While layering in technology can be critical to establishing relevance and intrigue, the addition of tech installments should be done selectively and strategically. Consumers are still spending more in stores because they value the physical interactions and the emotional gratification of a brick-and-mortar environment. Whether human or product interaction, technology should be used to enhance experiences, not replace them.
Healthful design decisions
Decisions that go beyond the primary product or service to improve the shopping experience from a personal health perspective are invaluable. Consider Coated, the first clean-air nail salon in Austin, Texas. With the primary goal being complete relaxation, the space was carefully engineered to remove chemicals, dust, and toxins with systems that function at the source, i.e., “hand level.”
This can be taken even further with an overall heightened emphasis on daylight, air quality, and nontoxic material selections. Wellness-related factors that weigh heavily in design decisions for workplace and residential environments should be considered with equal weight in all spaces, including brick-and-mortar retail.
Moveable fixtures and HVAC at the source provide health benefits and comfort for customers and staff at Coated, Austin’s first clean-air salon.
Inspiring social interactions
Studies show social relationships and human interaction contribute to better health and longer lives. With endless options for purchasing goods online, retailers must make an extra effort to encourage people to come together for in-person experiences.

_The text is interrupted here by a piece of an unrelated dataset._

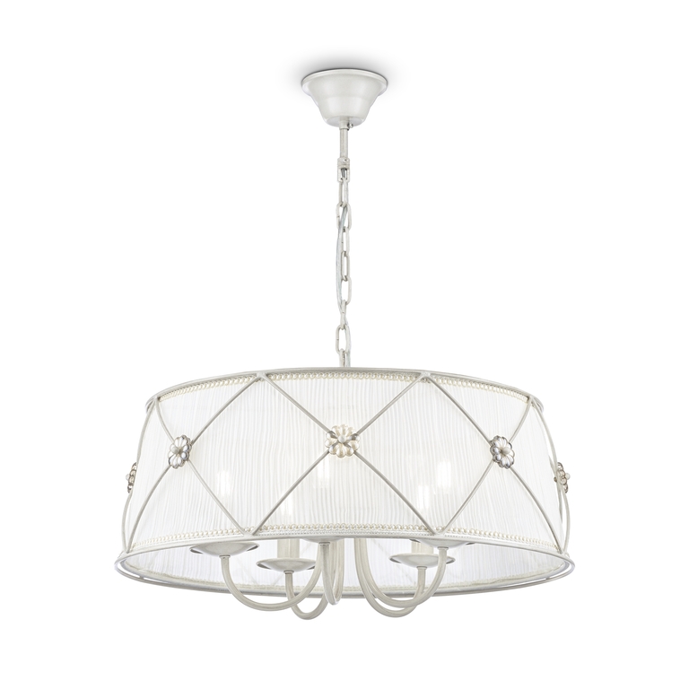 Арматура из металла в жемчужно-белом цвете. Кремовый абажур из плиссиро ванной органзы, окантовка золотистой тесьмой. Абажур заключен в металличе ский каркас. Флористический декор.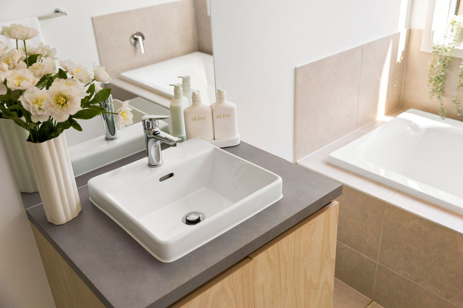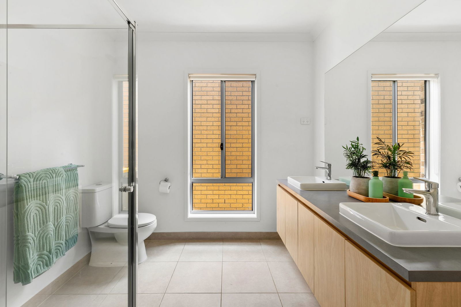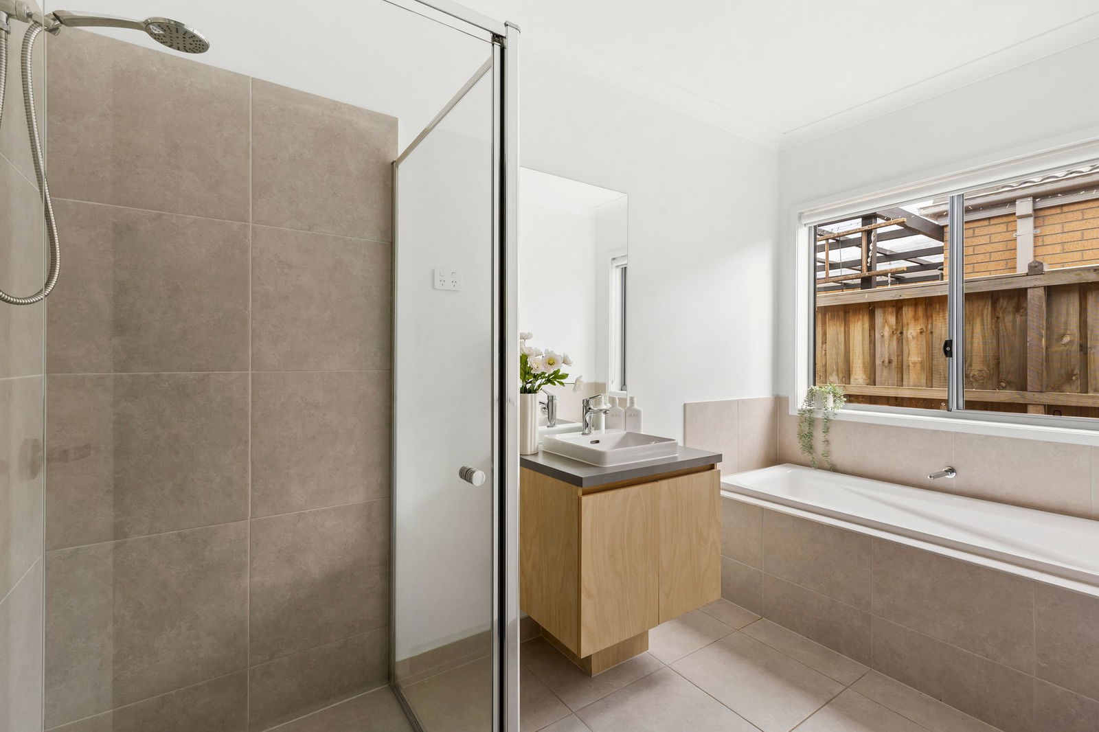 Tiled, single vanity with storage, semi-frameless shower with handheld showerhead, tiled & mirror splashback, bath, window with roller blind, separate toilet

Physical stores must be as interesting as the merchandise they house, and this often translates into “instagrammable” spaces designed with social sharing in mind. Like Glossier’s Seattle pop-up shop whose interior is outfitted to resemble the local Pacific Northwest landscape, stores are becoming creative displays that encourage people to share their experience both digitally and physically.
With this increased attention to store design also comes the very intentional decision to incorporate various forms of gathering spaces. When social interactions occur, the payoff for visiting a store increases, encouraging return visits and the desire to linger. Retailers are creating new experiential concepts, such as Crate and Barrel’s The Table at Crate, which centers on socializing as a way to bring customers offline and into an enticing environment.
A few closing thoughts
Retailers benefit from the ability to market these design moves, and consumers benefit from spending time in healthier environments. In an era where people feel an increasing lack of time, where personal and work lives blur, and where everyone is “always on,” the result is a tendency for shoppers to seek unique experiences and sources of wellness in all places they frequent. And retail providers are in the perfect position to accommodate both.
With more than 30 years of experience in retail design, associate principal Sheri Blattel co-leads Cushing Terrell’s retail team, driving thought leadership strategy and overseeing some of the firm’s largest, most complex projects for clients that include Whole Foods Market, Crate and Barrel, and H-E-B.